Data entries
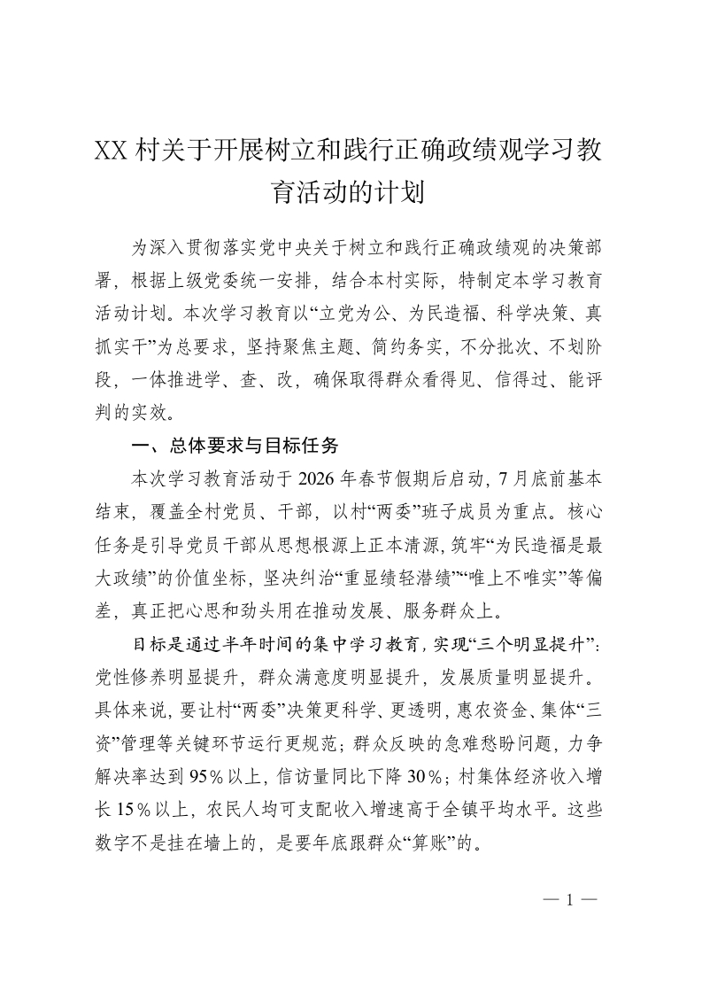 XX村关于开展树立和践行正确政绩观学习教育活动的计划
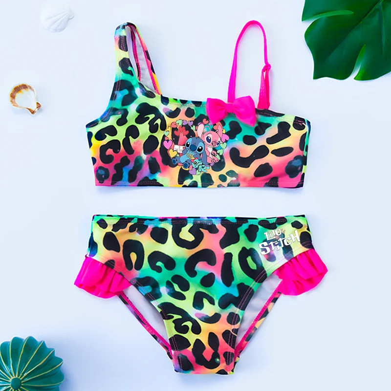 Color: black, Size: L - Lilo Stitch Gilrs Bow Bikini Set Trendy Two-Piece Swimsuits for Summer Stylish Beachwear Pool Fashion Bathing Suits 3-12Y
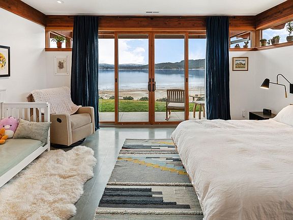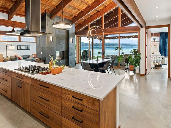 NORTHSHORE WATERFRONT HOME! Stunning home in one of the most desirable neighborhoods in Sandpoint, Idaho. Beautifully designed by renown local architects and craftsmen in 2021, this 3 Bedroom, 2 Bath, 2771 SF home is a masterpiece of timeless design and functional space, utilizing the highest quality materials: VG fir exterior siding, vaulted ceilings w/cedar T&G, atrium-style entry w/floor to ceiling glass, wood double paned windows, concrete floors w/radiant heat, high-speed Ting internet. The inviting kitchen/dining area is built for enjoyment w/large island & double-sided fireplace. The master suite is a luxurious sanctuary w/private patio & bath w/large walk-in shower & deep soaking tub. The big lake is your backyard w/100' frontage and private L-shaped dock topped w/concrete tiles. Large sliding glass doors open to gracious outdoor living spaces, terraced w/granite retaining walls, thoughtfully landscaped w/native plants, and dark-sky compatible exterior lighting. The 3-Car attached garage has a Tesla charging station & studio space w/separate entrance. This is a waterfront gem!
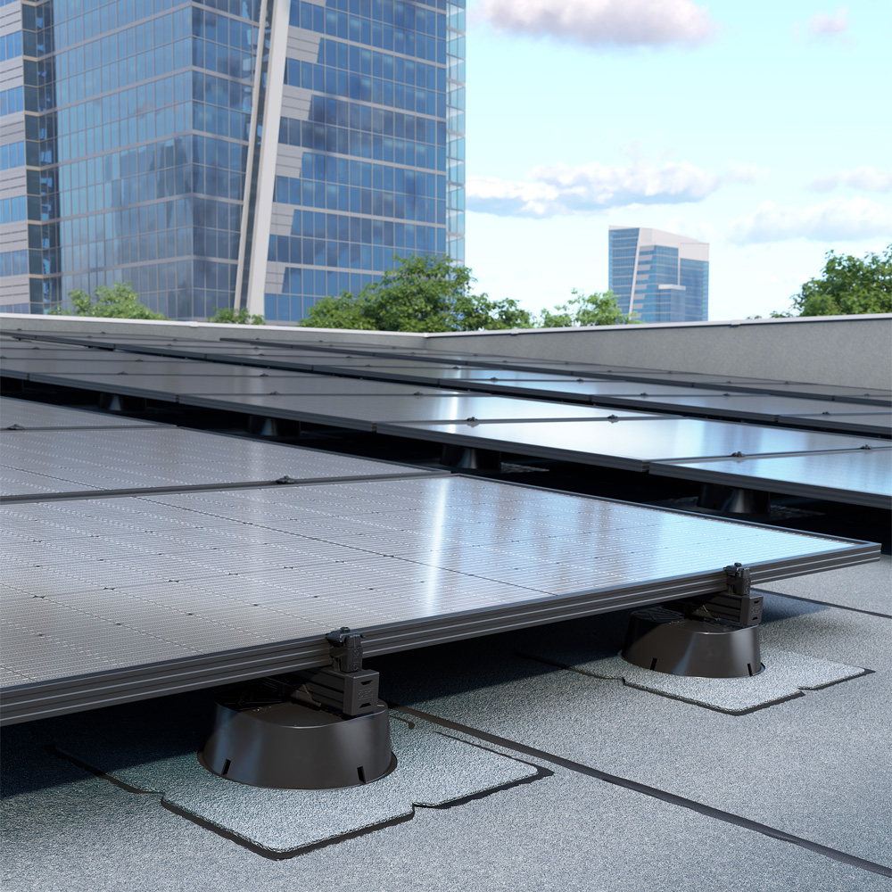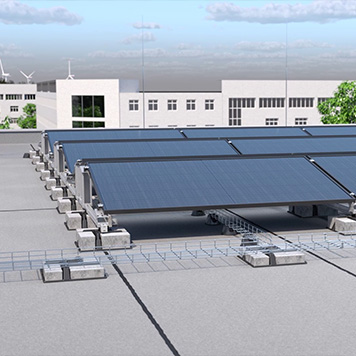 Vores Basic System til flade tage kan klare høj belastning og er hurtige at montere. Det er kendetegnet ved et integreret system til kabellægning og ballastering på samme tid. Systemkonstruktionen er mulig i trin takket være den fleksible rygning.
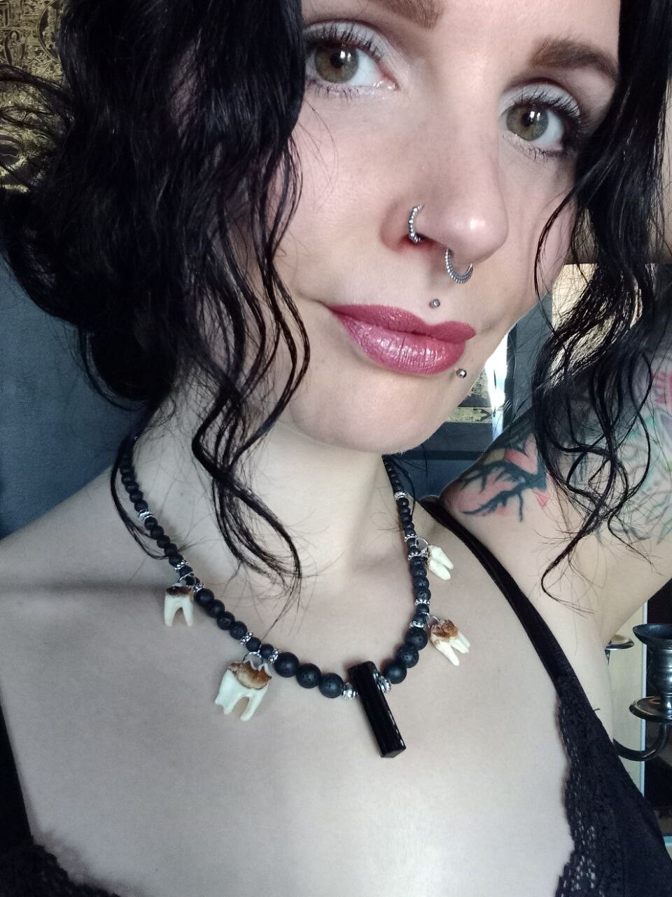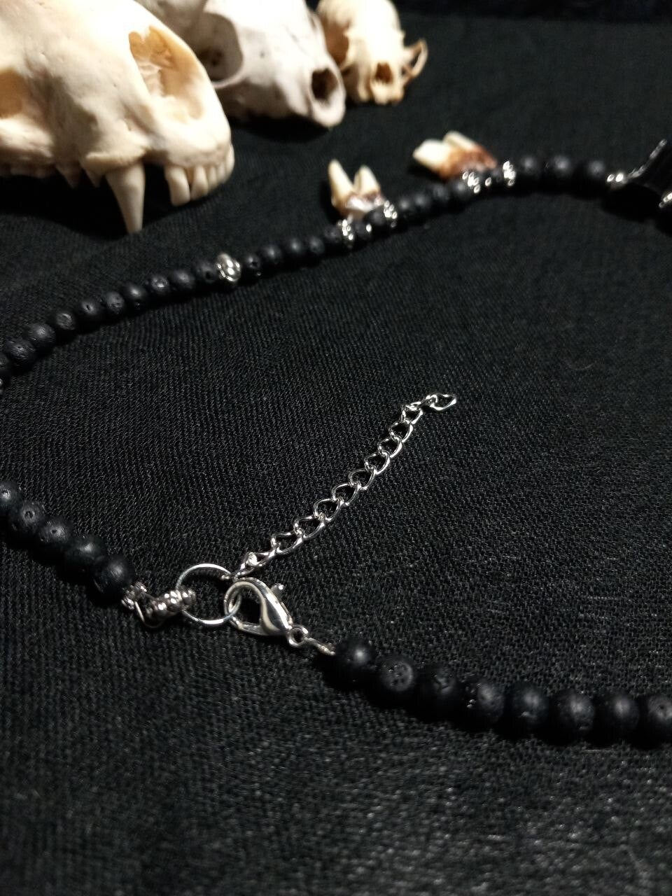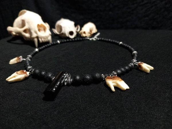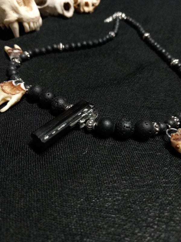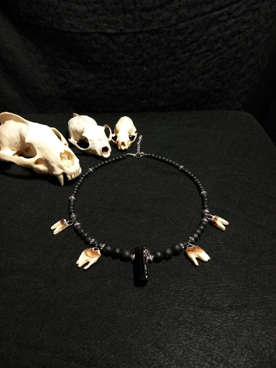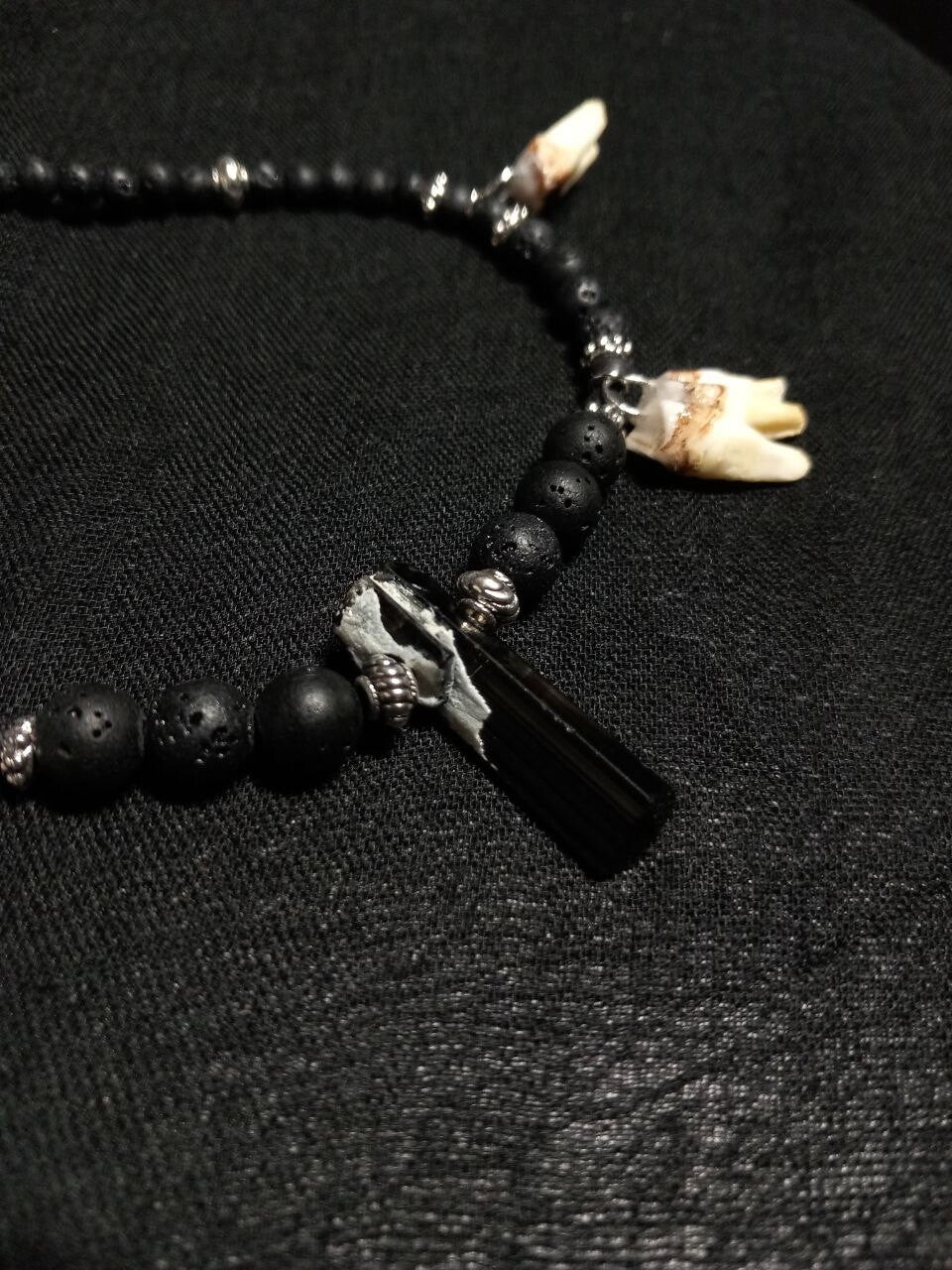The centerpiece of this lava stone necklace is a black tourmaline with a small amount of quartz crystal, surrounded by four beautiful deer teeth.The necklace is adjustable.

[Exercise objective] Beginning with the first line of the records above, extract each line exactly through the line that holds "Color: black, Size: L", both ends included. Omit pictures.

[Task result]
 XX村关于开展树立和践行正确政绩观学习教育活动的计划
 Color: black, Size: L - Lilo Stitch Gilrs Bow Bikini Set Trendy Two-Piece Swimsuits for Summer Stylish Beachwear Pool Fashion Bathing Suits 3-12Y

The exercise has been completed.